Wait, what about attribute selectors? Stop fussing. We’re getting there. We can get at attribute selectors (ie. div[class="hello-world"]) in the same expression as when we grab the HTML.

  #message[class="hello-world"],
#message[class^="hello-world"] {
  -webkit-transform-origin: 0% 0%;
}

  <div class="hello hello-world"></div>
<div class="hello-world"></div>
  dashed-word-bruh
</div>

  finding: (class.+"[a-zA-Z\d_ ]+)-
replace: $1_

Ok, let’s go through it. It isn’t as crazy as you think.

First, we have class.+" this matches the literal word class then looks for any character using the “any char but newline” symbol (.). Then repeats one or more “any characters” using + before hitting a ". This is necessary because our CSS attribute selectors can have modifiers like +=, ^=, ~=, *= and so on.

Next comes our [a-zA-Z\d_ ]+ class name selector that is very similar to the one for standard CSS classes. The only difference is we add a space to the list because in the class="" context, you can have multiple space-separated classnames.

Finally, we grab the - outside of the group to be removed by our Replace statement.

The result is bonafide gold:

  #message[class="hello_world"],
#message[class^="hello_world"] {
  -webkit-transform-origin: 0% 0%;
}

  <div class="hello hello_world"></div>
<div class="hello_world"></div>
  dashed-word-bruh
</div>

Combo

Using a | pipe character as an or operator, we can actually combine both our CSS and HTML expressions:

  finding: (\.[a-zA-Z\d_]+)-|(class.+"[a-zA-Z\d_ ]+)-
replace: $1$2_

Our Replace needs to include the second group, even though it and the first are separated by the pipe. If a group is empty, the Replace number value is empty as well. You wont get an error or something for referring to an unmatched group.

Bringing it home...

What if I told you you could go from underscored to camelCase as well? Using \u, it is possible!

  .hello_world,
#message[class="hello_world"],
#message[class^="hello_world"] {
  -webkit-transform-origin: 0% 0%;
}

  <div class="hello hello_world"></div>
<div class="hello_world"></div>
  dashed-word-bruh
</div>

  finding: (\.[a-zA-Z\d]+)_([a-zA-Z\d])|(class.+"[a-zA-Z\d ]+)_([a-zA-Z\d])
replace: $1$3\u$2$4

  .helloWorld,
#message[class="helloWorld"],
#message[class^="helloWorld"] {
  -webkit-transform-origin: 0% 0%;
}

  <div class="hello withAnother"></div>
<div class="helloWorld"></div>
  dashed-word-bruh
</div>

Wowzer, Bowser! The only difference with our Find expression is that we add a ([a-zA-Z\d]) to the end after our _. This becomes our second or fourth capture group and represents the letter immediately following the _.

In our replace, you’ll notice we have \u right before our third and sixth match.

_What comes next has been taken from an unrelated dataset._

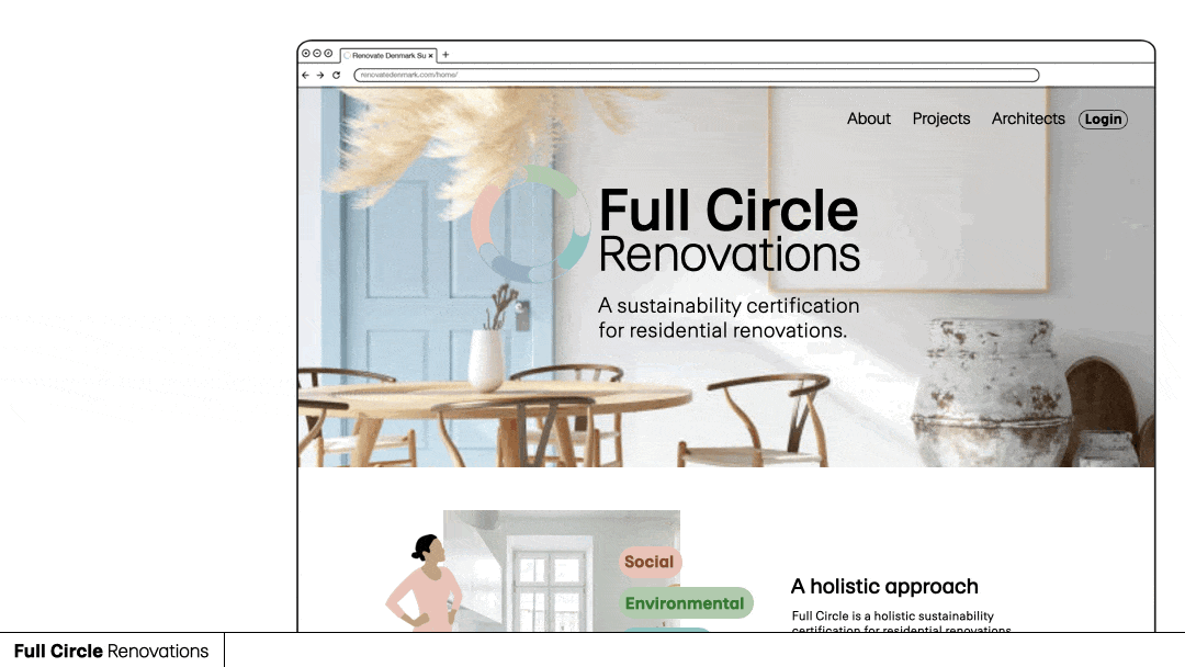 Denmark’s private residential renovation industry needs an overhaul. Studies of the renovated Danish building stock reveal that 60-80% of renovations use incorrect methods and materials1, causing billions of kroner in repairs costs for both owners and the state2. Currently, only 15% of Danish homeowners consult architects and specialists such as energy consultants when doing maintenance or renovations on their home3 - but could architects be the answer to increasing renovation quality and sustainability? Inspired by the European Commission’s Renovation Wave for Europe and New European Bauhaus initiative, Full Circle Renovation will provide a holistic sustainability certification and communication platform to assist architects, homeowners and contractors in making sustainable renovations.

This means we will capitalize the next character. When there is no capture group two, it will uppercase the first letter of the fourth. Again, I will reiterate that you must run this multiple times in order to take care of class names with multiple underscores in them.

Fancy, right?

Double bonus

If you end up getting decent at regex in Sublime, you’ll find it can help a ton in your Javascript as well. .match() and .replace() are fantastic little methods and accept regular expressions.

Parting advice

If you want to get better at or more acquainted with regex, all you need to do is stop being afraid of it. Know that you are capable and just go for it. The best way to learn regex is to find answers to real problems in your day to day work. Keep an eye out for repetitive tasks and ask yourself if you can break it down into a series of replacements. The answer is almost always “yes” if it is repetitive. Keep at it.

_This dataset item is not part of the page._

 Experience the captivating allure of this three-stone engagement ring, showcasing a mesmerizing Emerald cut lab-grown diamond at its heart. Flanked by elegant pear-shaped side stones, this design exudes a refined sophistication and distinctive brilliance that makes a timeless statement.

I will put this out there, if you have a problem that you think can be solved with regex but don’t know how, put it in the comments and let’s have some "asdffunasdf".replace(/asdf/g,"").

Research

Here’s some awesome resources.

  • regex101.com: An awesome playground for regex. You can even save expressions not unlike CodePen.
  • regular-expressions.info: A very resourceful site if you can get past the amazing styles...
  • google.com: An amazing and entirely free tool. Collects data from something called the information highway and answers your questions. Seriously, I have learned so much regex from this.
  • regex golf: You read that right. It’s pretty fun. It does get insanely difficult.
  • regex for the people: A little collection (2 so far) of regular expressions with detailed explanations that I threw together. We’ll see if I keep it up, but hey it’s something.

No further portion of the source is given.